10 years of care-taking- How to stay "you" in the middle of it.
The other day as we walked around the new memory care unit my Mom has moved to, my sister made a comment about how it’s been 10 years of taking care of our parents. Ten years seemed way too long. But she’s right. Dad got sick for the first time with Guillain-Barre Syndrome in the winter of 2009. Prior to this, my parents had been healthy, traveling, considering retirement and looking forward to being together. I got the phone call that Dad “looked like shit” (my brother’s professional opinion) Dad went from the gym to the Intensive Care Unit (ICU) in one day. He would stay in the ICU for 5 weeks. I would stay with my heart in the ICU and my physical body driving back and forth from Connecticut to Philadelphia, trying to keep my job, be with my family and keep nursing my son. I don’t know when I will forget nursing my son on the side of the highway in a snowstorm, heading home after another visit to see Dad.
And that’s where it started. That’s when I started asking “Everything ok?” as my first question when a family member called. If someone called twice and I couldn’t answer, I would immediately text and anxiously wait for a response to make sure I didn’t need to leave the meeting I was in and drive somewhere. I started needing breaks from my phone, feeling at points like it was attacking me with logistics, sadness and worry. When I see a mystery number on my phone I always try to figure out if it could possibly be my kids’ schools, or Mom’s caretaker, or maybe the facility where Mom is. My family took a trip on a cruise and half of the reason I liked it so much is because there was no cell phone reception. The first day was full of anxiety about this, worrying about something happening that I wouldn’t know about. But the second day was a happy release- to have a break from the constant drain of having a sick family member. (I wrote about that cruise here)

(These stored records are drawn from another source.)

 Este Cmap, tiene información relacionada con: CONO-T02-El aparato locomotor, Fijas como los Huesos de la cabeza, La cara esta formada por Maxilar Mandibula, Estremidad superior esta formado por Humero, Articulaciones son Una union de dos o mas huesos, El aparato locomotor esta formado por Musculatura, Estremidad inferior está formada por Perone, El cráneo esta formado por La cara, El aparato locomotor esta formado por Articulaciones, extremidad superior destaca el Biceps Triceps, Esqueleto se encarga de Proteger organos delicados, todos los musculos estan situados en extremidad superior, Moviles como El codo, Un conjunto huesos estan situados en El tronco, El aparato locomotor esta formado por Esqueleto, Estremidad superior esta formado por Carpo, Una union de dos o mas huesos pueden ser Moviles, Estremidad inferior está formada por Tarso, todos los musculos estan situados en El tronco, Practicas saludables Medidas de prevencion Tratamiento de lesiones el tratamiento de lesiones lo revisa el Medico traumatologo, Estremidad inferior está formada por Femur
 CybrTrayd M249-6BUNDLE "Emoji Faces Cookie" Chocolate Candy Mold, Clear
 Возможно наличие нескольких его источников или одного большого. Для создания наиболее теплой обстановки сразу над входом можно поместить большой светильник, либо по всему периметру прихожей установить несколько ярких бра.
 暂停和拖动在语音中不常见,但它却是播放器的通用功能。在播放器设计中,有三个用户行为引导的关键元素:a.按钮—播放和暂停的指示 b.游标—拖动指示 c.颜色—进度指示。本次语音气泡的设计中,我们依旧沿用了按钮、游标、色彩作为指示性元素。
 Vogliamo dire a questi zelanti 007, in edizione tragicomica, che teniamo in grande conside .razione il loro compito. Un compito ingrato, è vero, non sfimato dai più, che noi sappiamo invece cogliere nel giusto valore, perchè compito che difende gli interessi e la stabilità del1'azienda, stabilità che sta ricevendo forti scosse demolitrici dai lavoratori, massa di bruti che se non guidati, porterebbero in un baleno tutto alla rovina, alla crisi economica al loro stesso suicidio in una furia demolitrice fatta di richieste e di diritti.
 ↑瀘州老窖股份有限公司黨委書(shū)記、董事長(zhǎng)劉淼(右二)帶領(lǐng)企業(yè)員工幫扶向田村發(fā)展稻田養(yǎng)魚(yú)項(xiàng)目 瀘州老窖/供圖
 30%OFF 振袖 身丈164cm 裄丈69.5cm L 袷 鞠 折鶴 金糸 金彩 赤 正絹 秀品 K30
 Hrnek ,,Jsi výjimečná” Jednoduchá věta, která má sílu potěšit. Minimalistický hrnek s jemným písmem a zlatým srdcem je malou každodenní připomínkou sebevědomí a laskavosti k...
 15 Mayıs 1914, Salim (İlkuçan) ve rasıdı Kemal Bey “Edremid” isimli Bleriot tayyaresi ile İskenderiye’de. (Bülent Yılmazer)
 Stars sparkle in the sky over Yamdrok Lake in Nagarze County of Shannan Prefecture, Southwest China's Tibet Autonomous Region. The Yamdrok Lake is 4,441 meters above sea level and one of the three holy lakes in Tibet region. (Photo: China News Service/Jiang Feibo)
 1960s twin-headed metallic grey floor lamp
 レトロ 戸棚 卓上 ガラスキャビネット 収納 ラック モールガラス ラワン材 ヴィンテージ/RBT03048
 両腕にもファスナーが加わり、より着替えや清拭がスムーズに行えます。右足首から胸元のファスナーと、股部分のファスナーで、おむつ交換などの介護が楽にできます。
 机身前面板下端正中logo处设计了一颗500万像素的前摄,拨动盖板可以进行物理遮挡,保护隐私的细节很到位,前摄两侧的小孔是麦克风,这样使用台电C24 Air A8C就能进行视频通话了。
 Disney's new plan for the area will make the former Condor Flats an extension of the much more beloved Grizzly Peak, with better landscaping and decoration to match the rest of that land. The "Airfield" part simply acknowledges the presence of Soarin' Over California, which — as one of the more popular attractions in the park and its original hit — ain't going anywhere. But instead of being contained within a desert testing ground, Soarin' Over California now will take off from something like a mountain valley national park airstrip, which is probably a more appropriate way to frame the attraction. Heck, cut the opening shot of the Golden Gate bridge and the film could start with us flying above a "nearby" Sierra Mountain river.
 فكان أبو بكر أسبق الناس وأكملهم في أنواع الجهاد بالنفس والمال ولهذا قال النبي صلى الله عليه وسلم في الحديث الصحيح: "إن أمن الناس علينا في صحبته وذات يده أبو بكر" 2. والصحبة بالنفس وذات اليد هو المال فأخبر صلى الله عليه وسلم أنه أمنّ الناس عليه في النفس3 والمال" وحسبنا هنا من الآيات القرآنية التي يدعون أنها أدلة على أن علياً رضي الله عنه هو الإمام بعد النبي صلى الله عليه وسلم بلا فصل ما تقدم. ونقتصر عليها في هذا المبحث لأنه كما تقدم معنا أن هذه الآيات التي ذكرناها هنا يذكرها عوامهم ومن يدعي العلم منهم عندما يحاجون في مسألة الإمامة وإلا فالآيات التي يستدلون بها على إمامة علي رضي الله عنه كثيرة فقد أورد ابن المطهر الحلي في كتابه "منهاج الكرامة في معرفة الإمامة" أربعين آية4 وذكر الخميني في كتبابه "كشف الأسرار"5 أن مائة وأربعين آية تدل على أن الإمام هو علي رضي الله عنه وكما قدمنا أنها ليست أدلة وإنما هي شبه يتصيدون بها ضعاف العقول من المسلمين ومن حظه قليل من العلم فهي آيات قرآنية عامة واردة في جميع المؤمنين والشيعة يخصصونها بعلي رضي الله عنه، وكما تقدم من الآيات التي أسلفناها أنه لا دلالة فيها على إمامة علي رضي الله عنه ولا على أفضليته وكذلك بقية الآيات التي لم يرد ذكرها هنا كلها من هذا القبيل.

It’s been 10 years. That’s all of my 30’s. Dad got Guillain-Barre, had a trach and a g-tube. He got Multiple Myeloma. Not just that terrible cancer, but the refractory, awful version of it that managed to fight off every possible treatment. Dad died and Mom was diagnosed a few months later. I don’t know what my 40’s will bring. I imagine we will lose Mom as well. In so, so many ways, we already have. I feel in all ways like I have no parents. Yet I do, and she requires help and care. I have been changed by the last 10 years- it would be impossible not to.
This is why I started this blog and why I still feel called to write here. Because on paper that’s a lot of things. And I need to put on paper all of the other things of this last decade. I need to constantly be grateful for those things as well. Dad recovered and defied all odds to dance at my wedding, meet my son and bless our marriage. I have two healthy children that call me “Mama” so many times in one day. My husband gets smarter and cuter every day. I am able to run, embarrass myself at something called “PE 101” at the gym and beat my 6 year old in arm wrestling. I have a job that I like that challenges me. The other day Mom looked at me and gave me a big hug and said “I know you!”. These things don’t erase the other things. But they are there, waiting for me to notice them.